Max Pages

As it stands, our crawler is only useful on fairly small sites. Sites with thousands or hundreds of thousands of pages take too long to crawl.

Google's crawlers run concurrently on fleets of servers to crawl the majority of the internet. You might not have that kind of budget for this project.

Let's add a maxPages setting so that we can crawl even gigantic websites and have our tool automatically stop when it's done a reasonable amount of work.

Assignment

Add a maxPages integer to your config struct. This will be the maximum number of pages to crawl.
Update your crawlPage function to return immediately at the start of the function if the length of the pages map is greater than or equal to maxPages. Make sure you safely access the pages map with the mutex!
Make both the maxConcurrency and maxPages settings configurable via command-line args.
Now you should be able to run your program with this syntax:

go build -o crawler

# usage: ./crawler URL maxConcurrency maxPages
./crawler "https://example.com" 3 10

go build and ./crawler can also be replaced with go run . from your main package directory.
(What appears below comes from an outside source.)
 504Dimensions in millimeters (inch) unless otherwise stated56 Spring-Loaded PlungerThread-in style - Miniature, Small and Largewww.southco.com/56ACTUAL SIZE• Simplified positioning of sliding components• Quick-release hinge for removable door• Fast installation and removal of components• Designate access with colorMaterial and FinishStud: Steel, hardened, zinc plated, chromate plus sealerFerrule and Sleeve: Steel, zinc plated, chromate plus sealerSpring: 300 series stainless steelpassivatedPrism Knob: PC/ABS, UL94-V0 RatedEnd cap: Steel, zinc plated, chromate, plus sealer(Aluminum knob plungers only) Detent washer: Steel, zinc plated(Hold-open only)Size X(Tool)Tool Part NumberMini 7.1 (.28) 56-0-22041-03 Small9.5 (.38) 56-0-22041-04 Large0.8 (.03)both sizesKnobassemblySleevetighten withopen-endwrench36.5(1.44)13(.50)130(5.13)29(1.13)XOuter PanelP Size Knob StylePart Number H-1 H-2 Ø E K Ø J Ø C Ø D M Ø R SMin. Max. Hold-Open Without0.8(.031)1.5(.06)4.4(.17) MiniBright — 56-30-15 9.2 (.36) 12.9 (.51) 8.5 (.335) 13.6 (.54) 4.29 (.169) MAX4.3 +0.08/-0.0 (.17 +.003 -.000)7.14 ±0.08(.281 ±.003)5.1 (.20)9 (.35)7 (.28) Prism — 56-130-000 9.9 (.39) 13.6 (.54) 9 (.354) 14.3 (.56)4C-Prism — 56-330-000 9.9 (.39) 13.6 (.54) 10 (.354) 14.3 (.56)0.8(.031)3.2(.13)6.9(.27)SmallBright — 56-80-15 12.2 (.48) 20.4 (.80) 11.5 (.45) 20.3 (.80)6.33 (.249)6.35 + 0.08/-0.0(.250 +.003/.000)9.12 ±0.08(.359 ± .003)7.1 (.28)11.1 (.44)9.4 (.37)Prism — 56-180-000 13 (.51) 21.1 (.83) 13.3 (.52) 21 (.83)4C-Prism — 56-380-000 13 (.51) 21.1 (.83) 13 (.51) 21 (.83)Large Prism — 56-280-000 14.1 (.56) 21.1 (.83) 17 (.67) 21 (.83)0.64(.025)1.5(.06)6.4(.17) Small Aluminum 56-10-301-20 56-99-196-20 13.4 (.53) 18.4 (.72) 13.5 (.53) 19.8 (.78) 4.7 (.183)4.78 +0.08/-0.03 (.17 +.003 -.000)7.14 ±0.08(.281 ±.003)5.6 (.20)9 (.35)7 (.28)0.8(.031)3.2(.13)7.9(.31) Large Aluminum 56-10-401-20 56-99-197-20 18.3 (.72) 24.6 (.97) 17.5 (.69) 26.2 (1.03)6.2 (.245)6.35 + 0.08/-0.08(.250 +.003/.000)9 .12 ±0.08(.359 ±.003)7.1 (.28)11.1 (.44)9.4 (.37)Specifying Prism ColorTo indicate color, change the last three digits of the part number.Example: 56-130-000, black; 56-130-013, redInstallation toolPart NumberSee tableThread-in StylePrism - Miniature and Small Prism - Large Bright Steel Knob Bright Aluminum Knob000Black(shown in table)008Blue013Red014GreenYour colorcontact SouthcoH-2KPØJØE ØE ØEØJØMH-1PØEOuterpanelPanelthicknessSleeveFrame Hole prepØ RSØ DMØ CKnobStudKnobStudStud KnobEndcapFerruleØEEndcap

Make sure that your program prints a line to the console each time you crawl a page, as well as once per page in the report. This will help you see what your crawler is doing, and ensure you can kill it with ctrl+c if it's stuck in a loop or spamming requests.

Make sure that you're printing a line to the console each time you crawl a page, as well as once per page in the report.

Run and submit the CLI tests.